The large-scale use of organophosphate esters (OPEs) as flame retardants and plasticizers has led to their prevalence in the environment, with still unknown broader impacts. This Review describes the transport and occurrence of OPEs in marine systems and summarizes emerging evidence of their biogeochemical and ecosystem impacts. Long-range environmental transport via the atmosphere and ocean currents distributes OPEs from industrialized regions to the open ocean. OPEs are most prevalent in coastal regions, but notable concentrations are also found in the Arctic and regions far from shore. Air–water interactions are important for the transport of OPEs to remote oceans and polar regions. Processes such as degradation and sinking of particle-bound compounds modulate the properties and fate of OPEs in the water column, where they are potentially a non-accounted source of anthropogenic organic phosphorus for microbial communities.

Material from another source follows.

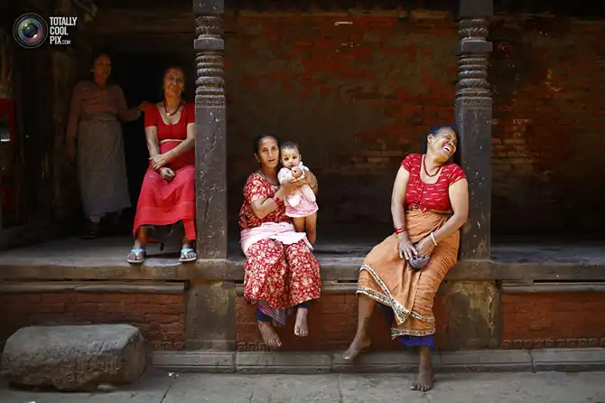 Женщины сидят возле дома в древнем городе Бхактапур, Непал.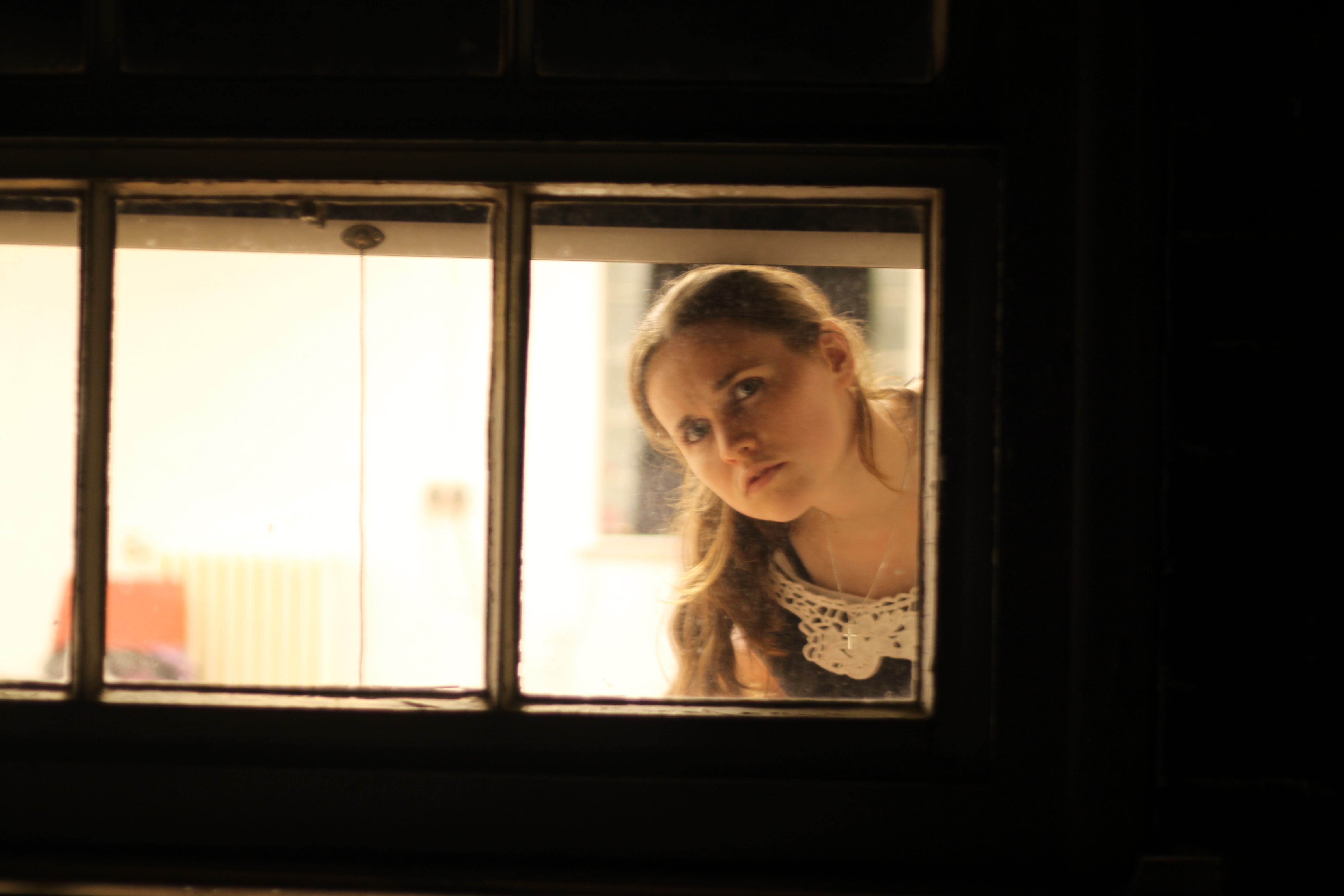 The theatre has a glass corridor leading to the dressing rooms which is visible through windows on the landing. This is where the audience stood, while we set the corridor up as 3 houses next to each other, with 3 sets of curtains and blinds.

Some OPEs have toxic effects in marine species and are found in measurable quantities in fish and other aquatic organisms. However, there is conflicting evidence on the potential for bioaccumulation and biomagnification of OPEs. Future work must constrain the large-scale impact of OPEs on marine biota and biogeochemistry to support more effective regulation and mitigation.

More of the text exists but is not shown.